MRI methods such as Diffusion-Weighted imaging (DWI) are useful for providing non-invasive information on placental microstructure and function5,6. T2-relaxometry is a quantitative method that is sensitive to fetal blood oxygenation7 via differences in magnetic susceptibility of the oxygenated and deoxygenated haemoglobin in blood. However, fetal motion limits the effectiveness of these relatively slow techniques for direct assessment of the fetus, thus placental scans can provide a robust alternative. Nevertheless, placental imaging is complicated by the close proximity of maternal and fetal blood within an imaging voxel. To address this problem, we applied a multi-compartment model based on a previously used signal model of human placenta perfusion to separate fetal and maternal signal contributions7.
Methods
Methods
The study was approved by the Animal Ethics Committee of the South Australian Health and Medical Research Institute.
MRI-protocol
Ewes underwent for MRI scans on a 3T Siemens Skyra Scanner (Erlangen,Germany). During the MRI scan, pregnant ewes were ventilated firstly in a normoxic state (2L O2 + 4L Room Air; respiratory rate (RR) 17-18 bpm; tidal volume, 10ml/kg) and then in a hyperoxemic state (6L O2 (i.e. 100% O2); RR, 17-18 bpm; tidal volume 10ml/kg).
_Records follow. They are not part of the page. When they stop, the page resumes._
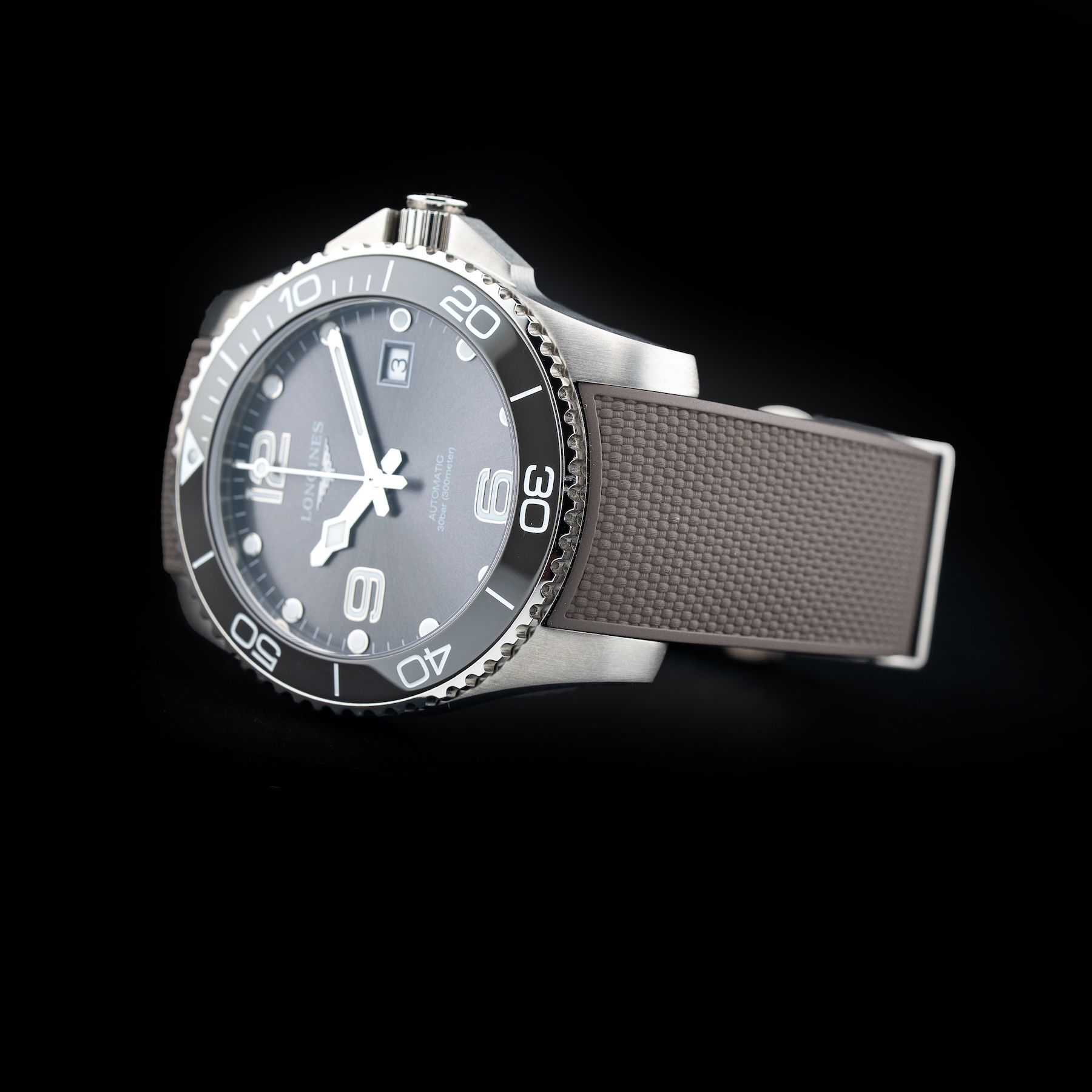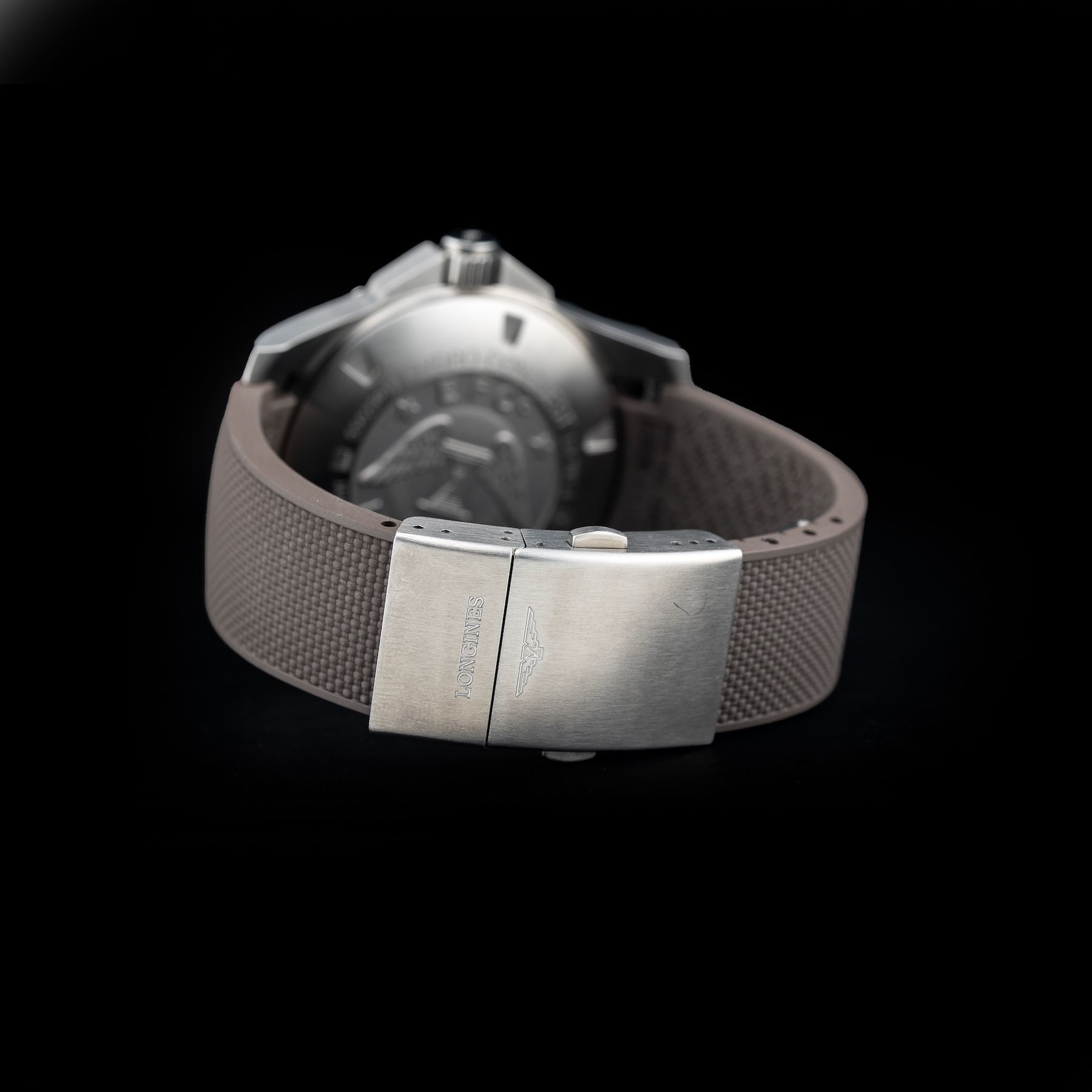 - This timepiece features a 41mm steel case paired with a high quality rubber strap. It showcases a distinctive grey dial and is powered by a precise automatic winding movement. The watch is designed with a water resistance of up to 300m.
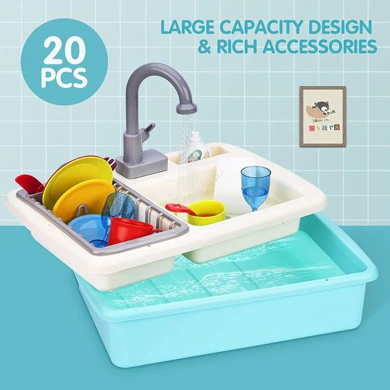 Running Water Technology: Experience the thrill of a realistic kitchen environment with our cutting-edge running water feature. Simply turn the faucet, and watch as water flows just like in a real sink – perfect for those pretend dishwashing moments!
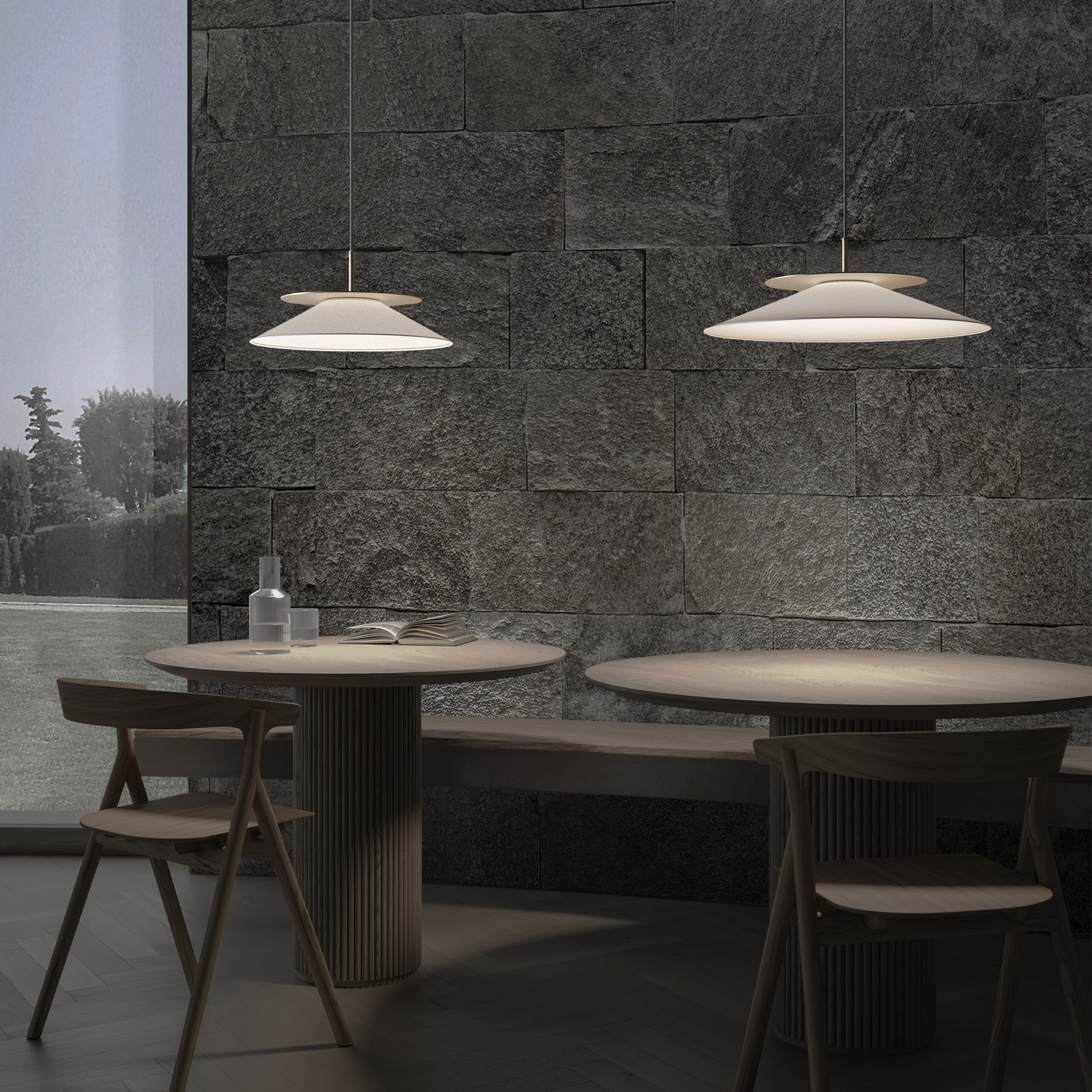 Una gamma di prodotti caratterizzata da una forma pulita e lineare, ma con una forte personalità. Il paralume di Asia si ispira ai cappelli a punta dei raccoglitori di riso cinesi, mentre la combinazione di materiali come tessuto, vetro e Metallolo rappresenta un ulteriore elemento distintivo della collezione.
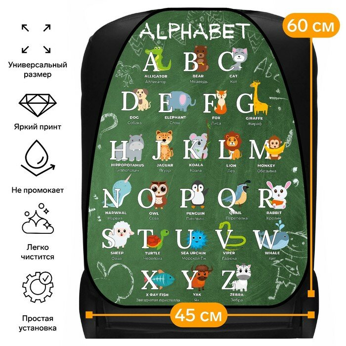 Накидка на сиденье автомобильное Cartage английский алфавит, ПВХ, 60 х 45 см, европодвес интересное:

During each oxygenation state, DWI was performed at 7 b‐values (b = 0, 10, 20, 30, 50, 70, 100, 200, 300, 500, 600 s.mm-2) and T2-relaxometry at 10 echo times $$$T_E$$$ = (81, 90, 96, 120, 150, 180, 210, 240, 270, 300 ms). Data also acquired at b‐value 50 s.mm-2 and 200 s.mm-2 for $$$T_E$$$ = (81, 90, 120, 150, 180, 210, 240 ms).
Model-Fitting
The sheep-specific signal model is of the form:
$$S({\bf b},{\bf{T_E}})= S_0 \left[ e^{{-\bf b}d^*} \Big( f e^{-{\bf {T_E}}R_2^{f_b}}+ v e^{-{\bf {T_E}}R_2^{m_b}}\Big) + (1-f-v)e^{{-\bf b}d-{\bf {T_E}} R_2^{ts}} \right], \quad (1)$$
where $$$S$$$ is the measured MR signal and $$$S_0$$$ is the signal with $$$b=0$$$. The five model parameters are the feto-placenta blood volume fraction $$$f$$$, trophoblast diffusivity $$$d$$$, pseudo-diffusivity $$$d^*$$$, feto-placental blood relaxation $$$R_2^{f_b}=1/T_2^{f_b}$$$ and maternal blood volume fraction $$$v$$$. We used literature-based values for maternal blood relaxation $$$R_2^{m_b}=(150ms)^{-1}$$$ and tissue relaxation $$$R_2^{ts}=(46ms)^{-1}$$$.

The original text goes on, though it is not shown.